Der EU-Ausschuss für Sozialschutz, der sich aus ranghohen nationalen Beamten zusammensetzt, wurde eingerichtet. Der Ausschuss wird für Fragen zur Reform der Rentensysteme und für die Bekämpfung der sozialen Ausgrenzung im Rahmen des gleichnamigen EU-Programms zuständig sein. Er soll u.a. Indikatoren zum Stand der sozialen Kohäsion in der EU entwickeln und zur Ausarbeitung einer Strategie der EU zur Bekämpfung von Armut und sozialer Ausgrenzung beitragen.

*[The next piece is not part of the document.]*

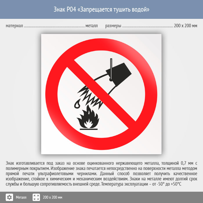 Знак P04 «Запрещается тушить водой» (металл, 200х200 мм) в Магнитогорске купить

1.9 EP-Ausschuss für Humangenetik und andere neue Technologien in der modernen Medizin

Das Europäische Parlament (EP) hat einen Ausschuss für Humangenetik und andere neue Technologien in der modernen Medizin gebildet, dem 36 Abgeordnete als Mitglieder angehören und der Anfang 2001 mit seiner Arbeit begonnen hat. Seine Aufgabe ist es, eine möglichst umfassende Bestandsaufnahme neuer und potenzieller Entwicklungen in der Humangenetik und ihrer Nutzung vorzunehmen und damit dem EP eine detaillierte Analyse als Entscheidungsgrundlage zur Verfügung zu stellen. Außerdem soll er die ethischen, rechtlichen, wirtschaftlichen und sozialen Probleme, die sich aus derartigen Entwicklungen ergeben, bewerten und prüfen, in welchem Maß das öffentliche Interesse an diesen Fragen ein aktives Vorgehen verlangt. Das Mandat des Ausschusses ist auf zwölf Monate befristet; in ihm sind fünf deutsche Parlamentarier vertreten. Nähere Informationen: http://www.europarl.eu.int/committees/genetics_home.htm.

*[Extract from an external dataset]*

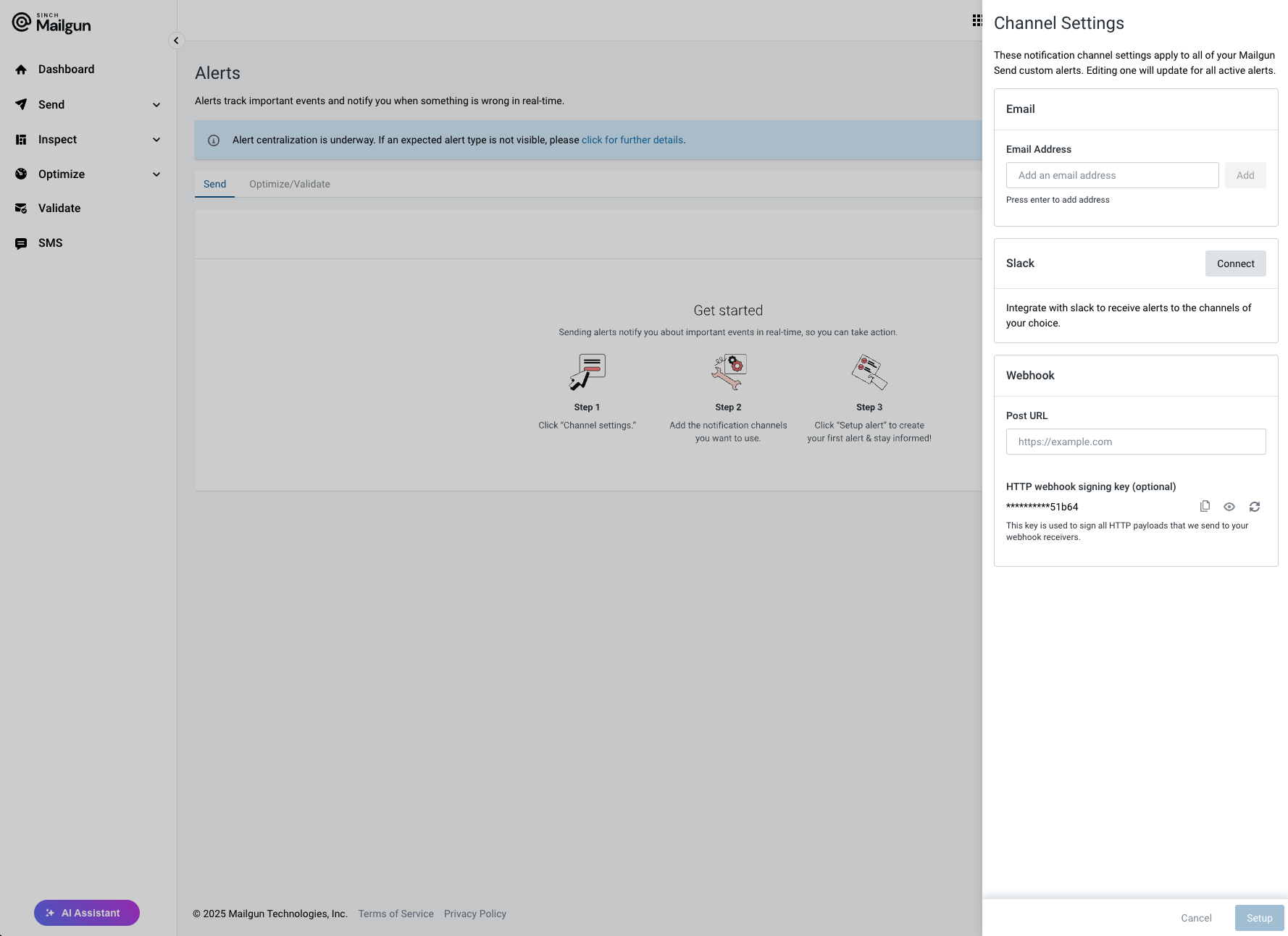To configure Mailgun send alerts, navigate to the Alerts option in Mailgun and start configuration by setting up your notification channels.

2 Personal und Beschäftigte

2.1 Gegenseitige Anerkennung der beruflichen Qualifikation im medizinischen Bereich in den Mitgliedstaaten der EU

Rat und Europäisches Parlament (EP) haben sich am 18. Januar 2001 im Vermittlungsausschuss endgültig darauf geeinigt, eine neue Richtlinie zu schaffen, die die Regelung zur Anerkennung beruflicher Befähigungsnachweise im medizinischen Bereich (d.h. für Ärzte, Apotheker, Krankenpflegekräfte) vereinheitlicht und einfacher macht. Es handelt sich bei der neuen Richtlinie um eine Ergänzung der bestehenden Regelung zur Anerkennung beruflicher Befähigungsnachweise. Die Mitgliedstaaten müssen die Richtlinie bis zum 1. Januar 2003 umsetzen.

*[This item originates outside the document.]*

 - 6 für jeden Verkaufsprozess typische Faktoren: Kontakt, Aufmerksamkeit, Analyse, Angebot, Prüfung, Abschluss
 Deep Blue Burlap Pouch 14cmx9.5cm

Zur Vorgeschichte: Im Dezember 1997 legte die Kommission ihren Vorschlag für eine Richtlinie für die allgemeine Regelung zur Anerkennung beruflicher Befähigungsnachweise vor, die die Tätigkeiten der Krankenpflegekräfte, des Zahnarztes, des Tierarztes, der Hebamme, des Apothekers und des Arztes betreffen. Die Richtlinie zielte darauf ab, in die allgemeine Regelung der gegenseitigen Anerkennung beruflicher Befähigungsnachweise die Anforderung aufzunehmen, dass die im Anschluss an das Diplom erworbene Erfahrung berücksichtigt werden muss. Weiter sollte eine einheitlichere Anwendung und Auslegung der Richtlinien in den Mitgliedstaaten und Rechtssicherheit hinsichtlich der Prüfung von Bildungs- und Ausbildungsgängen gewährleistet werden, die EU-Bürger in Drittländern absolviert haben.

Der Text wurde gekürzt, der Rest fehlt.